Split Dogs Billy Bootleggers Nottingham 28.2.25

Funny what a difference a week or so can make. Back then, I was trying to get Black Sabbath tickets along with 140 thousand others with ticket prices going into the thousands. Even if I had got a ticket, I would have been probably a mile away looking at a giant screen.

So onto Friday night and I find myself in somewhere very different. I’m in Nottingham’s Billy Bootleggers pub catching a bill of four bands looking to keep playing live and creating new music and with differing expectations of whatever success means nowadays. It’s a great venue with an upstairs for bands (once you’ve found the door)  and a downstairs pub, again with a section for bands. It’s a bit grungy.  The stage is roughly the same height as the floor and there’s no dressing room and there’s no separation between the band and the audience. The décor is neon graffiti so all in all it’s pretty old school. You also use the venue’s back line and get a rudimentary sound check just before you play.

The bands are all at that stage where they set themselves up, play their hearts out then dismantle the equipment. Then it’s off to run the merch stalls before no doubt staying in the cheapest place possible before cramming themselves into a car/hired van and with whatever instruments they brought to go to the next gig.

Four bands on tonight but I missed the first and caught half of Chesterfield’s W.O.R.M. Well drilled and professional, they run through about what seemed like 1000 songs often with no break. The sheer volume of songs wore me out, to be honest. Next up, Phat Problem looked interesting and coincidentally matched the club’s decor. The band wears dayglo face paint with matching dayglo strings and bedecked guitars. They also had some samples triggered by the drummer and a bassist with five strings, which is always a serious sign. They had the first of the moshers and gave a compelling well balanced and paced set of speed punk and more slow-paced chuggers. My heart went out to the guitarist who was clearly unhappy and struggling with this guitar tuner but to be honest the dissonance kind of helped the overall sound. The singer on the last song launched herself off the stage into the audience, scattering moshers like bowling pins!

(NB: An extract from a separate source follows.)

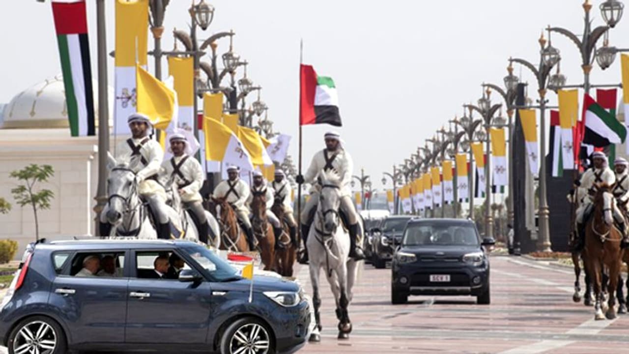 അബുദാബി: ഫ്രാന്സിസ് മാര്പാപ്പയുടെ യുഎഇ സന്ദര്ശനത്തിന്റെ വീഡിയോ ദൃശ്യങ്ങള് ഇപ്പോള് സോഷ്യല് മീഡിയയില് വൈറലാണ്. യുഎഇയിലെ പ്രസിഡൻഷ്യൽ കൊട്ടാരത്തെ ലക്ഷ്യമാക്കി കുതിക്കുന്ന അത്യാഡംബരങ്ങളായ അകമ്പടി വാഹനങ്ങളുടെ നീണ്ട നിര. കുതിച്ചുപായുന്ന അശ്വാരൂഢരായ സൈന്യഗണം. നീലാകാശത്ത് വ്യോമസേനയുടെ വിവിധ തരത്തിലുള്ള അഭ്യാസപ്രകടനങ്ങള്. ഇതിനിടയിലൂടെ പതിയെ നിങ്ങുന്ന ഒരു പാവം കുഞ്ഞന് കാറാണ് ഇപ്പോള് സോഷ്യല് മീഡിയയിലെ താരം.

And so on to the main event. It’s Split Dogs first headline tour promoting their already acclaimed second album Here To Destroy along with rave live reviews (including ours here). So how would they do?

It’s fair to say they delivered in spades. With the sound at brain-melting volume complete with troublesome feedback mike squall Split Dogs launched into their set. The band featuring Mil on guitar, vocals and double denim, Suez – bass and Chris Huggall – drums are tight and heavy, providing the sonic ammunition, but the obvious focal point is singer Harry. Wearing a leotard, tights, heels, and fringed leather jacket, they fill the stage with their larger-than-life persona and amazing vocals. Harry really does come across aurally and visually like a combination of a sassy punk Tina Turner, Lemmy and Bon Scott. They are a natural performer in that it’s seemingly effortless the way they channel the music and singing into how thyey move on stage. The crowd reacts and it’s just a mental mosh pit in front of the stage with bodies being flung all over the place from start to finish.

With the volume set to max and the temperature quickly rising, subtleties in the songs tend to tend to disappear, but stand outs were the newer rockier ones like And What?, Lafayette and Monster Truck (I was tempted to put my fingers in my jean loops and do the classic seventies biker dance!) and older ones like Prison Bitch and Punch Drunk.

Chris’s drums start to fall apart as the band does the last two songs, and they exit virtually straight to the merch store before no doubt packing up and getting maybe a drink and something to eat before some sleep and doing it all again the next day. But that’s rock’n’roll and it’s a long way to the top if you want to rock’n’roll as someone once said!😊  

You think that might be it wouldn’t you but noah! Exiting, I find a rockabilly band playing in the downstairs bar with a double bass and Gretsch. Oh my God they are freaking brilliant playing some classic old style rockabilly tunes while there’s a few people in 50’s fashion doing a bit of dancing. What a fantastic way to round the night off.

At this stage of their career, now is the perfect time to see Split Dogs – up close and personal. Hot sweaty in your face analogue rock’n’roll with no barriers between the audience and the band.

Split Dogs are fucking brilliant. They play rock’n’roll. Brighton & Bristol left with tickets available… for now!